Por Hernán Diego Moyano, especial para DiariodeCultura.com.ar.

Adaptación de Los observadores – de Aspley Cherry Garrad (1886 – 1959)

Los cangrejos de tierra en la isla de Tenaza Oriental son una verdadera alucinación.

Espían desde cada rincón y desde cada roca. Con sus ojos, pacientes y saltones, le siguen los movimientos a uno como diciendo “si por lo menos tropezaras” nosotros haríamos el resto. Así pues, obligan a todo ser terrestre a prestar atención a las pequeñas trampas del camino. Algunos, muy gentiles, se mueven hacia un costado como cediendo el paso; otros muy galantes, hacia atrás, pero más allá de la coreografía bailan con sus pinzas el musical del «Pequeño gran engaño».

No han de ser difíciles de pisar ni deben desconocerlo. Se mueven en células conformadas por cinco integrantes, por lo menos. Se rodean de otras células vecinas, con las que conforman un montoncito mayor. Los montones se codean con otros colindantes, de manera tal, que si uno les tomara una foto, saldrían juntitos todos uno al lado del otro como en manifestación. Apuesto a que sus ojos estoicos no se encandilan con el flash.

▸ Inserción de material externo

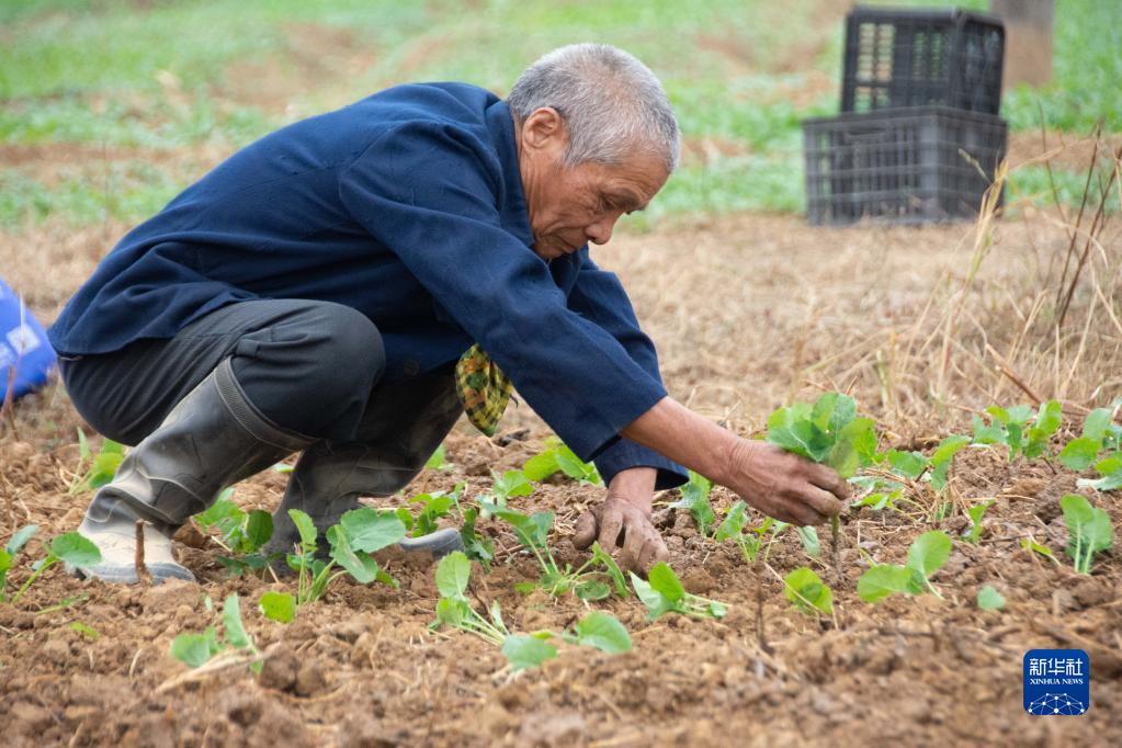 11月4日,在湖南省湘潭市湘潭縣中路鋪鎮柳橋村,村民在栽種油菜苗。
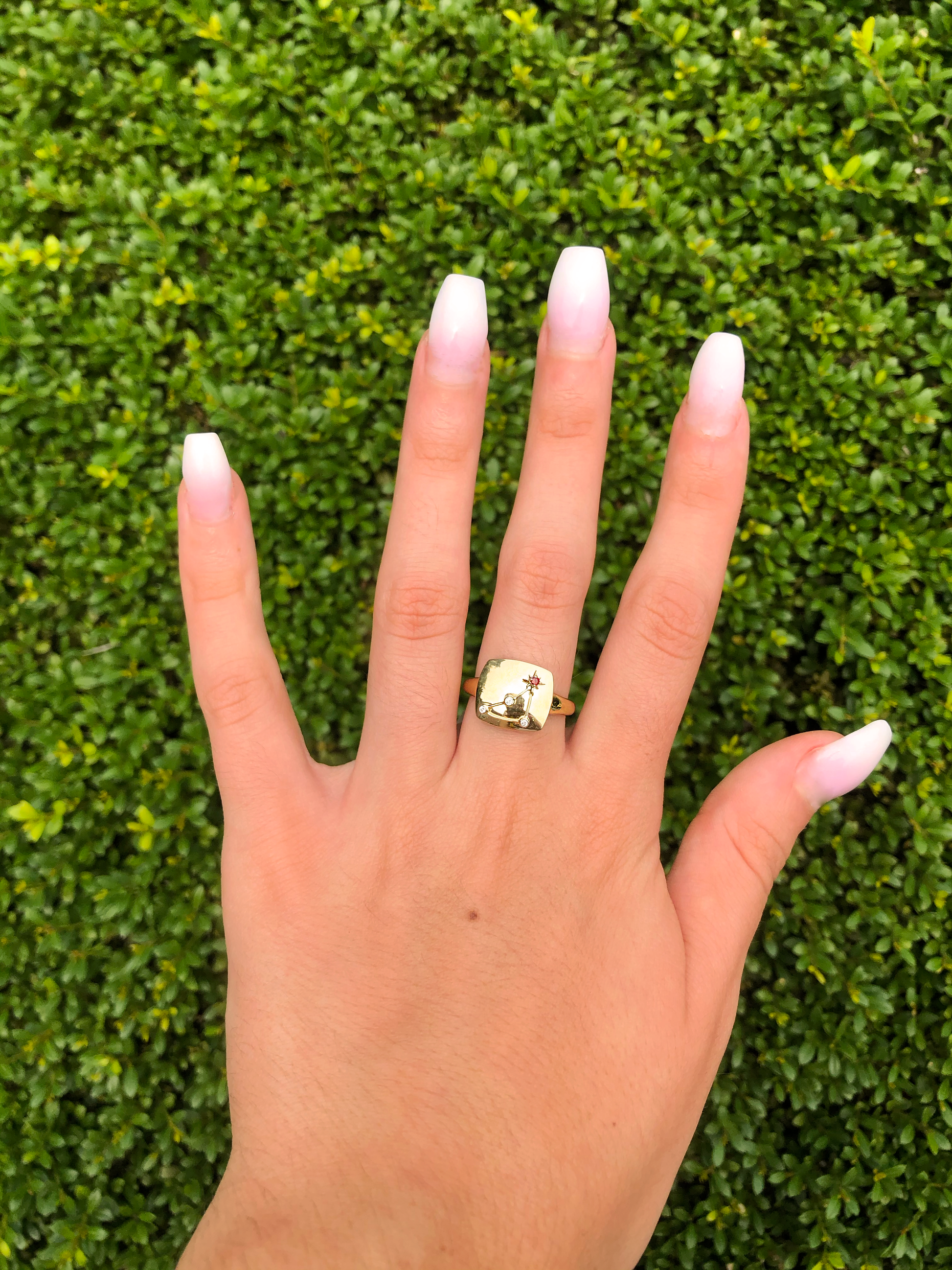 Capricorn Goat Garnet & Diamond Constellation Signet Ring in 14K

La naturaleza parece prometerles, que ningún animal, por más grande que sea, podrá aplastarlos a todos y al tiempo. A la vez, algo entienden de cómo funciona el reparto de inteligencia en cada especie. Confían en que los seres menos perspicaces (o pacientes) confundan sus probabilidades de éxito, y, «¡Zas Zas! ¡Pinzas!… comienza el ciclo de la naturaleza»… el azar sacrifica algunos de los integrantes para que la manada de mirones se eche una panzada.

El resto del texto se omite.